В Берлине на Цо встретились, как всегда, очень друг другу обрадовавшись. Маша приехала «организованным автостопом», рассказывала о каком-то алжирском или марокканском интеллектуале, который ехал вместе с ней, и вез фильм на кинофестиваль. Она приехала в подаренном им синем платье, он надел ее любимую его одежду льняные брюки и купленную в китайском магазине настоящую тибетскую рубашку такого же цвета. Так долго вместе каждый день они еще никогда не были. Слова угрожали стать слишком конкретными и эмоционально оценочными. Ссорились тихо так, из-за того, как тратить те очень мало денег и из-за непривычки друг о друге заботиться, он вместе с булочками к завтраку приносил букетик маленьких белых розочек, как будто специально продававшихся рядом с конфетюром. Много фотографировали, мало ели, спали у друзей и знакомых Ани, которые находились во всех городах следования. Замки Баварии сменяли бирюзовые озера, галереи и парки Берлина длинными и торжественными имперскими улицами Мюнхена, Дрезденская картинная галерея сменилась зеркальными стенами и парусами Шревенена на первом этаже музея Ван Гога (они приехали уже почти к закрытию и успели посмотреть только первый этаж). Потом был паром из одной части Стамбула в другую и горький чай в маленьком стеклянном стаканчике, и поезд в Болгарию, где почти на берегу моря в небольшой деревеньке, на лето делающейся курортом, бродила корова. Деньги совершенно закончились, взяли в долг на самолет до дома у Машиного друга. Алеша полетел первый, ему нужно было сначала на сборы, а потом на работу, а Маша осталась еще на две недели. В этот раз решил окончательно, только так, чтобы больше не говорить ничего, молча итак все будет понятно. А она первый раз этой осенью по возвращению подумала, что хочет семью.

- Привет, что это ты, Марков, вдруг всего на 15 мин опоздал? – чуть чуть поднявшись на носочках поцеловала в нос.

У нее было еще очень загорелое лицо и длинные, «со следами солнца Европы» волосы. Алеша снова молчал. Маша заговаривала его мрачность ретроспективным оживлением событий дня. На следующий день он уехал один на неделю под Псков снимать монахов Псково-Печерской лавры. Она улетела писать про книжную ярмарку в Берлине, как давно мечтала.

 

E

Каждый пол наделен знанием, которое никому не может передать, идиотские манипуляции, о которых мне кое-что известно, просто глупость, иллюзия, переодевание, не затрагивающие сознание, дух, они маскируют тело и убивают желание.

Жаклин Арпман. Орланда.

– В строгости отказать!

Пускай это не кажется никому странным, случайным или спонтанным. Опыт накопленный в этих делах огромен, правда делиться им довольно таки сложно, - механизм подкрепления безусловно действует, но вот сама транзакция процесс болезненный и, наверное, излишне чувствительный.

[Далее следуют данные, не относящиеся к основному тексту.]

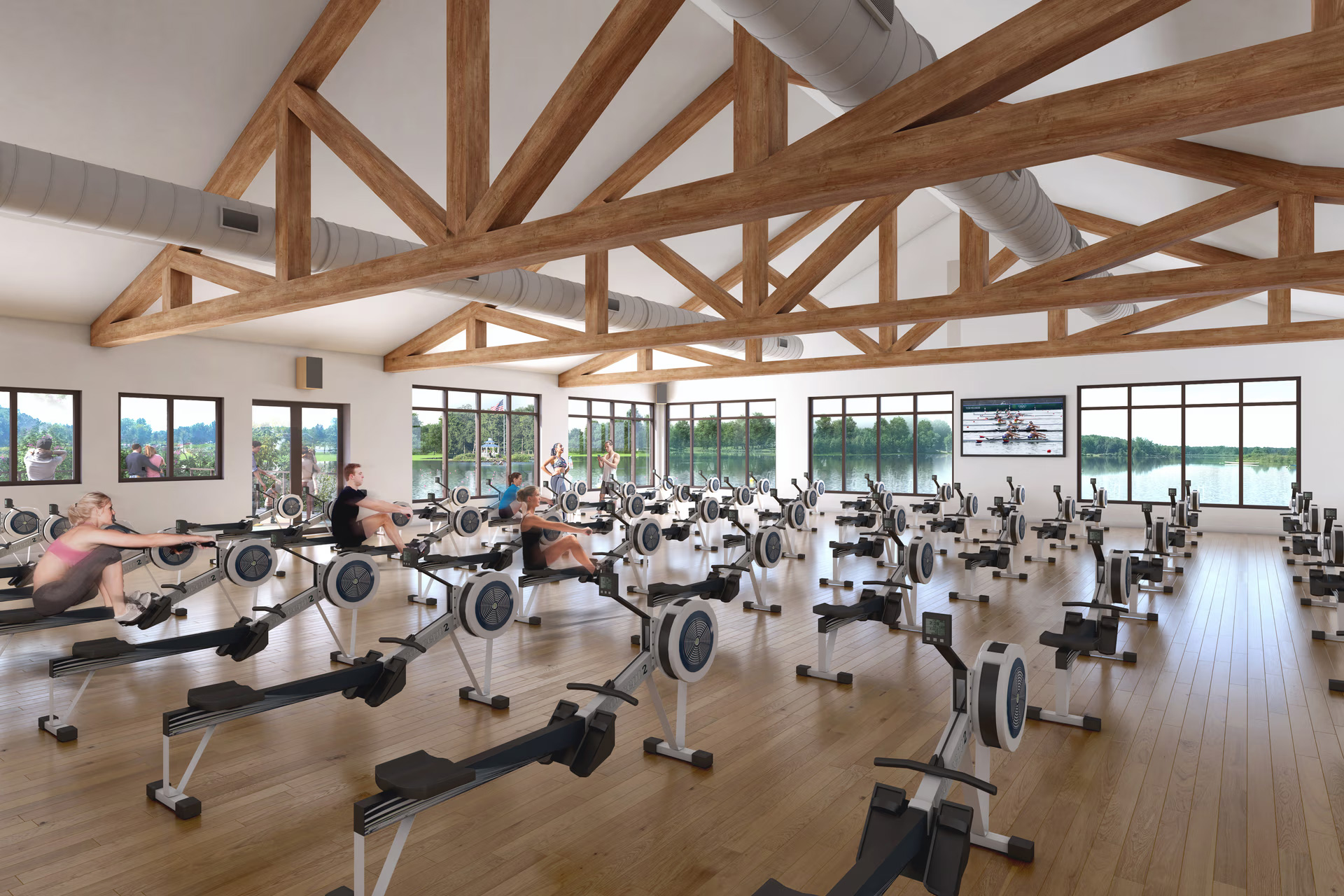 After years of stalled development under a different project management group, Princeton National Rowing Association engaged Pandion Development Management to lead forward the project through final design, entitlements, and construction. The state‑of‑the‑art mass timber facility features integrated strength‑training and recovery areas, expanded erg space, lounge and event zones, locker and repair facilities, all supporting elite athlete performance and broad community outreach.
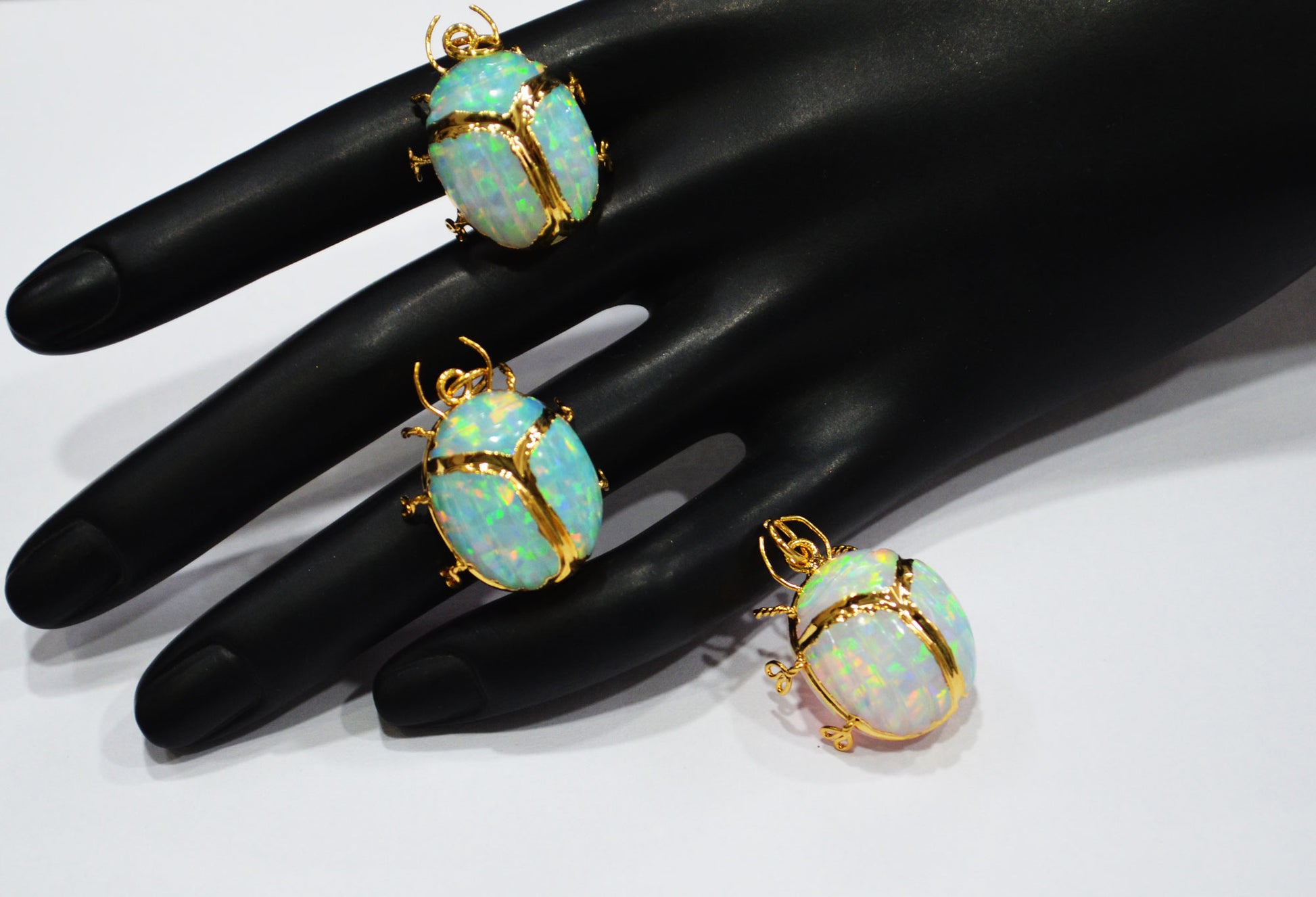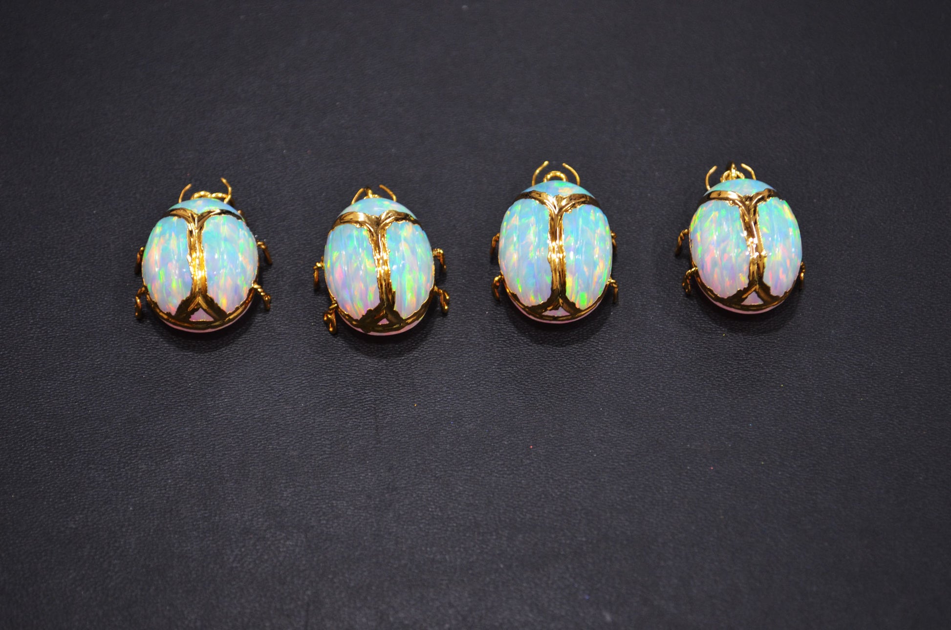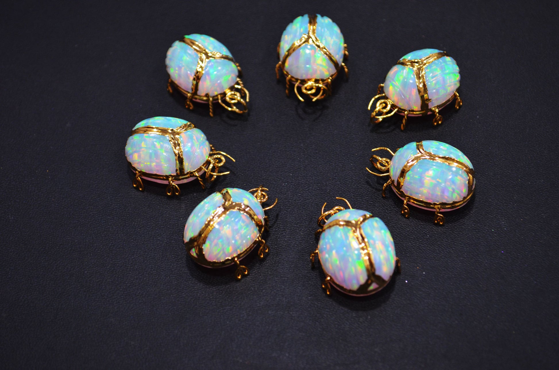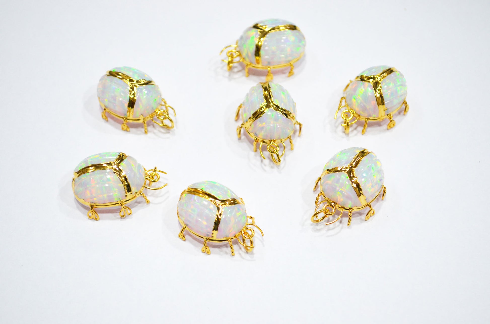Ethiopian Opal Electroplated Beetle Pendant , Egyptian Scarab Opal Charm , Sold By Piece , Use To Make Jewelry , 2.25 - 2.50 cm , 31347A

Известная совокупность приемов, подходов в самый неблагоразумный момент обнаруживает свою, так сказать, не цельность. Но лучше так не говорить.

В мире победивших лицедеев, в англоязычной его части, не бывает собственных лиц и не бывает героев в собственном смысле этого слова.

В принципе, сказать нам совершенно нечего, мы обладаем лишь манерой речи и временем, которые удачно вымениваем на … и кто-нибудь в противоположном конце зала лениво скажет:

– В сущности, все писатели и во все времена писали об одном и том же?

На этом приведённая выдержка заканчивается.